- **REQUIRED WORK**
The expected answer comprises all lines from the entries that contain the string "Sorsumer".
━━━━━ DATA FOR THIS TASK ━━━━━
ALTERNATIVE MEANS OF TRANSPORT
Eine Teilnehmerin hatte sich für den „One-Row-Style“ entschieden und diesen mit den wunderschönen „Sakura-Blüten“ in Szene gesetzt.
━━━━━
━━━━━ DATA FOR THIS TASK ━━━━━
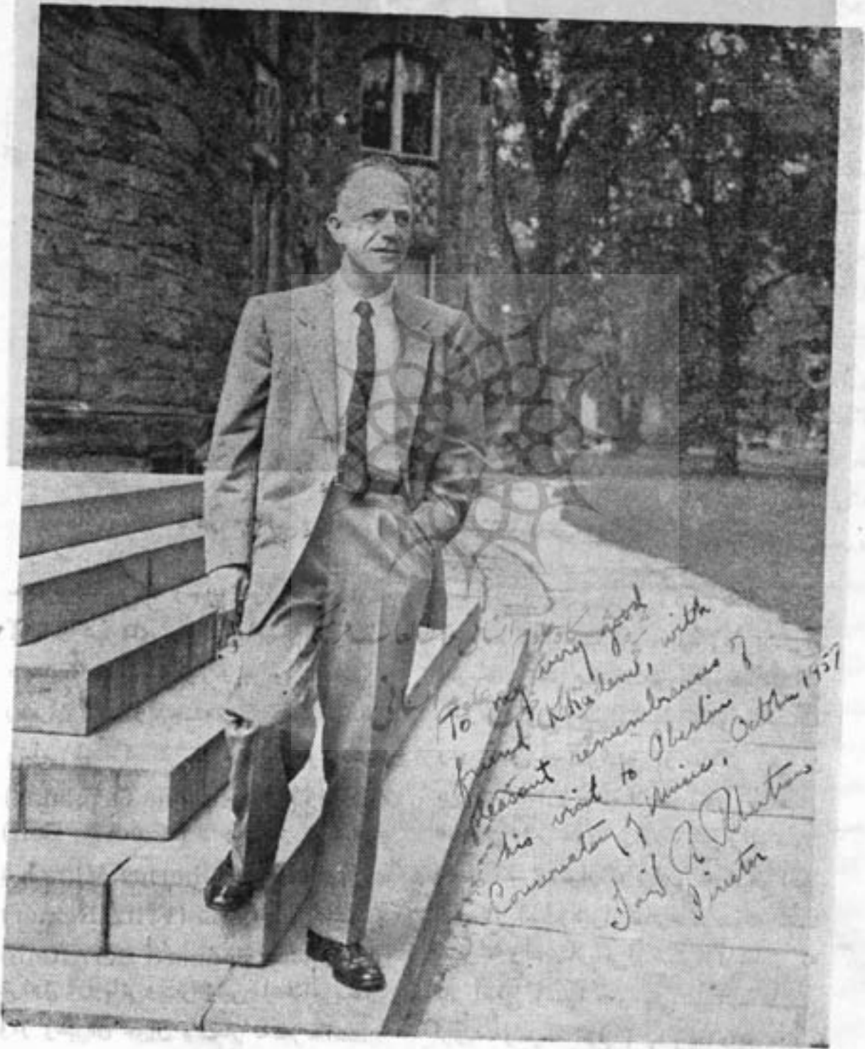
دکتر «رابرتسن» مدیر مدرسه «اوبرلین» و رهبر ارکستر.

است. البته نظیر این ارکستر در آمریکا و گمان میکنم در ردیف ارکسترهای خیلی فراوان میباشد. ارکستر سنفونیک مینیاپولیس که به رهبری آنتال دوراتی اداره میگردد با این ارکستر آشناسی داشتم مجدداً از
━━━━━
━━━━━ DATA FOR THIS TASK ━━━━━
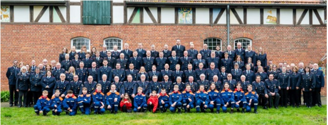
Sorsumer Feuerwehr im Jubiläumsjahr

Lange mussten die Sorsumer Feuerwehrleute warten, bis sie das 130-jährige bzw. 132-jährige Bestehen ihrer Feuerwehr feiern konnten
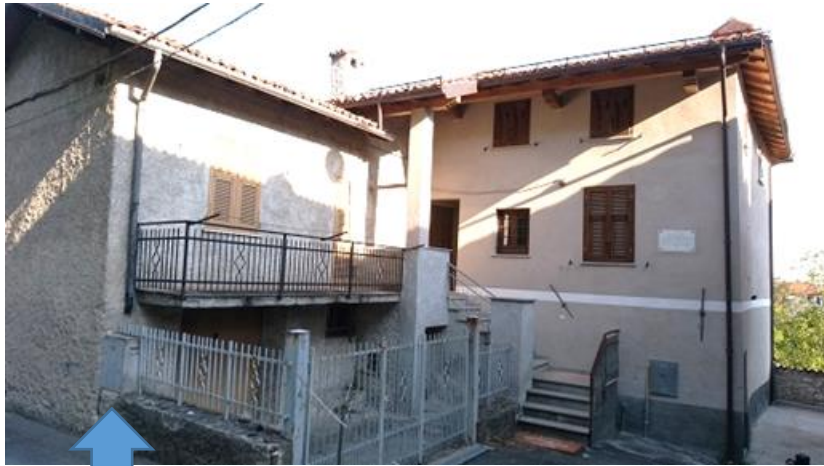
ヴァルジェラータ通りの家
━━━━━
- **RESULT FOR THIS TASK**
Sorsumer Feuerwehr im Jubiläumsjahr
Lange mussten die Sorsumer Feuerwehrleute warten, bis sie das 130-jährige bzw. 132-jährige Bestehen ihrer Feuerwehr feiern konnten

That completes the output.